To find the quadrants in which our solutions lie, we note that $\cot(\theta) = \frac{x}{y}$ for a point $(x,y)$ on the Unit Circle where $y \neq 0$ . If $\cot(\theta)$ is negative, then $x$ and $y$ must have different signs (i.e., one positive and one negative.)

Hence, our solutions lie in Quadrants II and IV.

Our Quadrant II solution is $\theta = \frac{3\pi}{4} + 2\pi k$ , and for Quadrant IV, we get $\theta = \frac{7\pi}{4} + 2\pi k$ for integers $k$ .

As in the previous problem, we can combine these solutions as: $\theta = \frac{3\pi}{4} + \pi k$ for integers $k$ .

Rendered by QuickLaTeX.com

A few remarks about Example 7.4.2 are in order. First note that the signs ( $\pm$ ) of secant and cosecant are the same as the signs of cosine and sine, respectively.

On the other hand, as a result of tangent and cotangent being defined in terms of the ratios of coordinates $x$ and $y$ , tangent and cotangent are positive in Quadrants I and III (where both $x$ and $y$ have the same sign) and negative in Quadrants II and IV (where $x$ and $y$ have opposite signs.)

The diagram below summarizes which circular functions are positive in which quadrants.

A unit circle centered at the origin of the cartesian plane.

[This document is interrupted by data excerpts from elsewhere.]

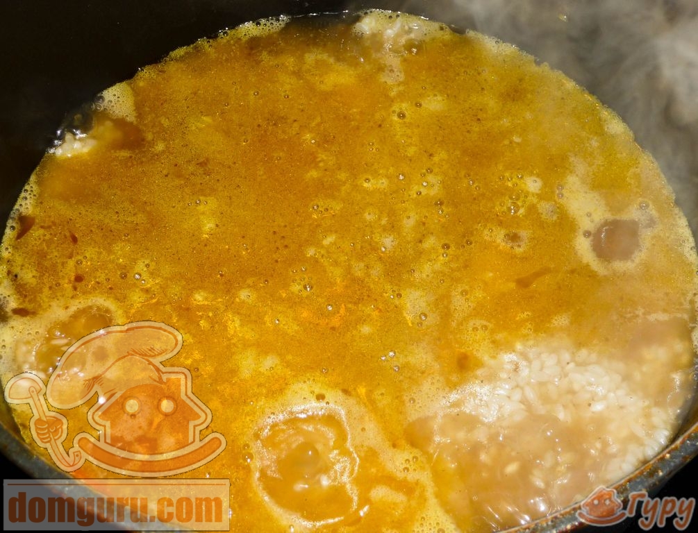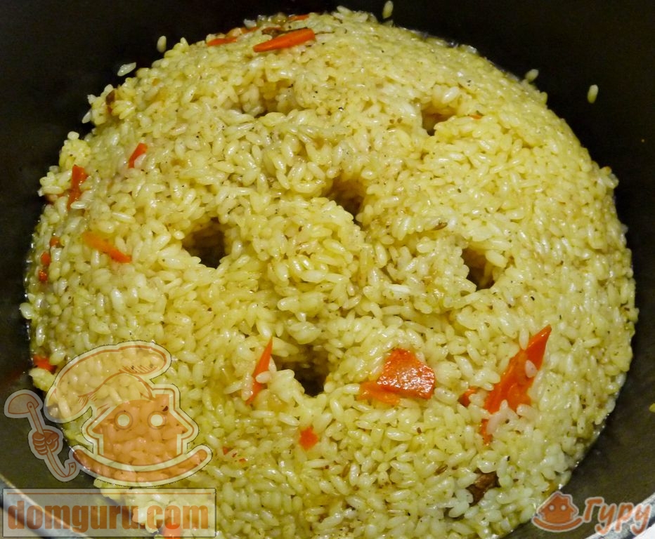 Сверху осторожно, тонкой струйкой лейте кипяток, пока рис не будет покрыт слоем 1 — 1,5 см. Плотно закройте казан крышкой на несколько минут.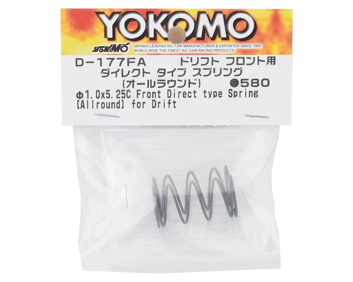 The Yokomo YD-2 Front Direct Type RWD Drift Spring is a rough winding type with excellent response developed for RWD drift applications. This spring is designed to maximize the properties of the spring material by eliminating the paint from the surface. It responds sharply to steering input and improves driving feel with a high level of response. Even under high speed driving, understeer is not likely to occur. The all-round type is suitable for carpet and asphalt surfaces.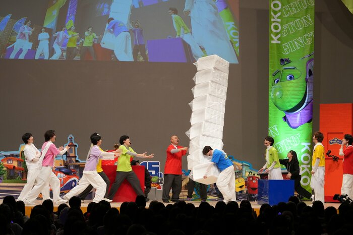 最後は、「ぐらぐら!バランスリレー」。1人ずつ大きな発砲スチロールをタワー状に積み上げながら順番に運び、バランス感覚を試すこの企画。時間の都合上、1回のみのチャレンジということもあり、メンバーには緊張が走り、観客も固唾をのんで挑戦を見守ります。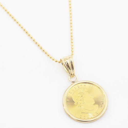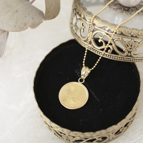 世界的に有名なカナダのメイプルリーフ金貨。カナダ政府鋳造、純金メイプルリーフコインに18金のシンプルフセコミ枠を巻き、イタリア製チェーンをセットしたコインペンダント。フセコミ枠なので爪がなく、両面使える美しいリバーシブル仕様。表はカエデの葉、裏にはエリザベス女王の肖像とその日の気分で使い分けてください。どんな服装にも合わせやすく、コーディネートのバリエーションが広がります。表面には純金の証し"フォーナイン9999"の刻印が施されており、確かな信頼とこだわりを感じます。金・地金が高騰している昨今、資産価値もありお守りとしてや特別なプレゼントにも喜ばれます。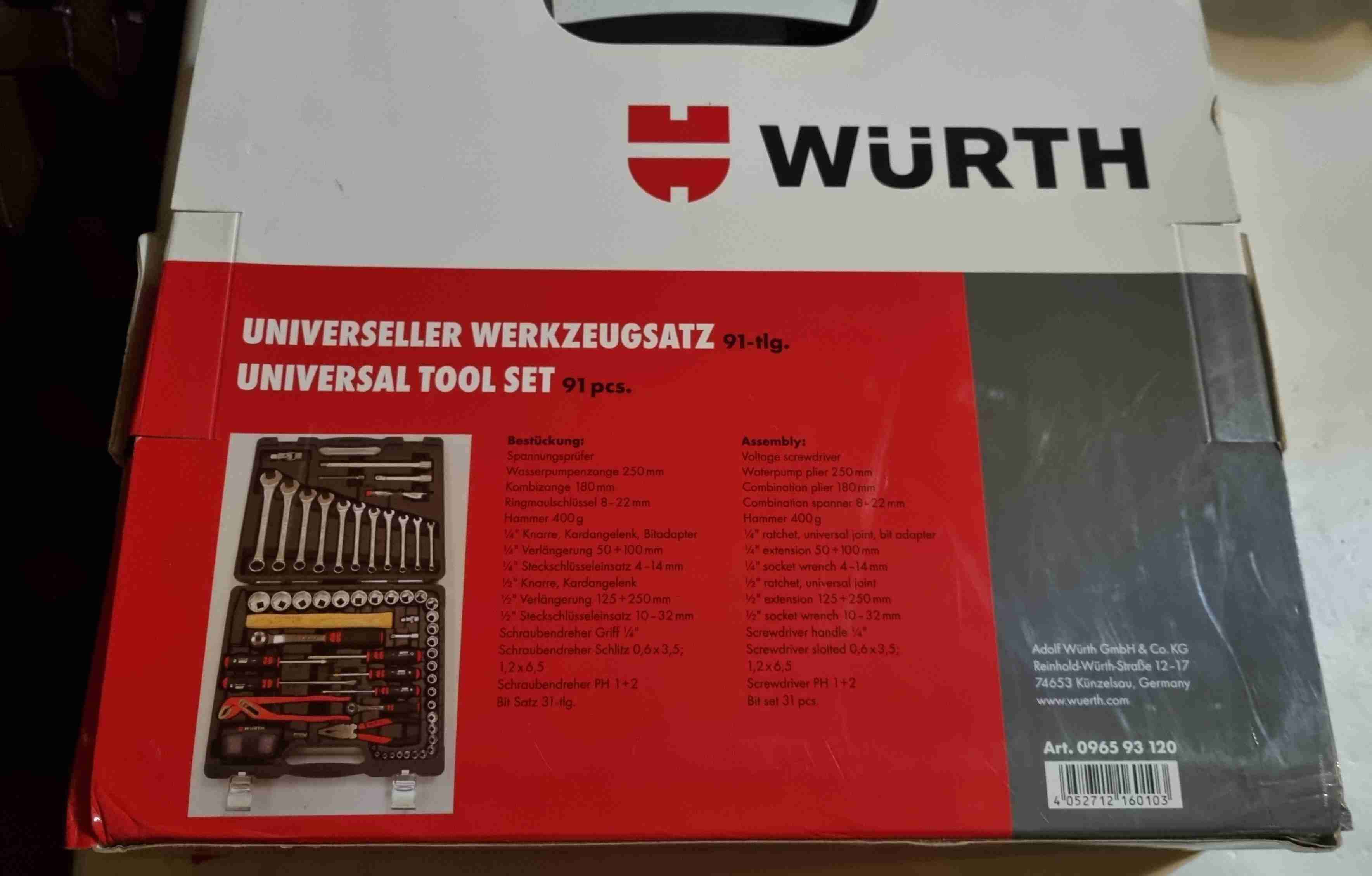 🔧 Set de herramientas Würth 91 piezas NUEVO Se vende set de herramientas marca Würth original de 91 piezas. ✔️ NUEVO, sin uso ✔️ Completo ✔️ Incluye dados, llaves, chicharras, extensiones, alicates y más ✔️ Maletín original resistente Herramientas de calidad profesional (línea Würth), ideales para mecánica, taller o uso en casa.

There are points on the unit circle where the circle meets each axis. There are four additional points marked at the quarter points between the axes, each point includes the signs of x and y in each quadrant. Inside the circle is a list of the trigonometric functions that are positive in that quadrant. The first quadrant says "All", the second quadrant lists sine of theta and cosecant of theta, the third quadrant lists tangent of theta and cotangent of theta, and the fourth quadrant lists cosine of theta and secant of theta. — Positive Circular Functions

Also note it is no coincidence that both of our solutions to the equations involving tangent and cotangent in Example 7.4.2 could be simplified to just one list of angles differing by multiples of $\pi$ .

Indeed, any two angles that are $\pi$ units apart will not only have the same reference angle, but points on their terminal sides on the Unit Circle will be reflections through the origin, as illustrated below.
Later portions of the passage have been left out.